"Stanowczo protestujemy przeciw pozwoleniu na stosowanie neonikotynoidów w uprawach rzepaku" - czytamy w liście Polskiego Związku Pszczelarskiego do ministra rolnictwa. Dotarł do niego reporter RMF FM.

"Stanowczo protestujemy przeciw pozwoleniu na stosowanie neonikotynoidów w uprawach rzepaku" - czytamy w liście Polskiego Związku Pszczelarskiego do ministra rolnictwa. Dotarł do niego reporter RMF FM.
Zdjęcie ilustracyjne /Paweł Żuchowski /RMF FM

Od kilkunastu dni rolnicy mogą czasowo stosować szkodliwe dla pszczół substancje. Ostro skrytykowały to organizacje ekologiczne.
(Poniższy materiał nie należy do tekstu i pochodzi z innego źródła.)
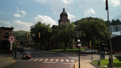 Low aerial at intersection in Deadwood South Dakota historic buildings

Pszczelarze oczekują przede wszystkim cofnięcia zgody i pilnego spotkania z ministrami - rolnictwa Janem Ardanowskim i środowiska Henrykiem Kowalczykiem. Jak argumentują, pozwolenie na używanie neonikotynoidów zostało wydane bez konsultacji ze środowiskiem. I dodają, że pomoc hodowcom rzepaku odbywa się kosztem polskich pszczół.

Minister Ardanowski zapewniał naszego reportera w zeszłym tygodniu, że spotkał się z zainteresowanymi. 

Teraz w liście pszczelarze zaprzeczają i dodają, że o zgodzie na neonikotynoidy dowiedzieli się dopiero 9 lipca, w dniu decyzji resortu.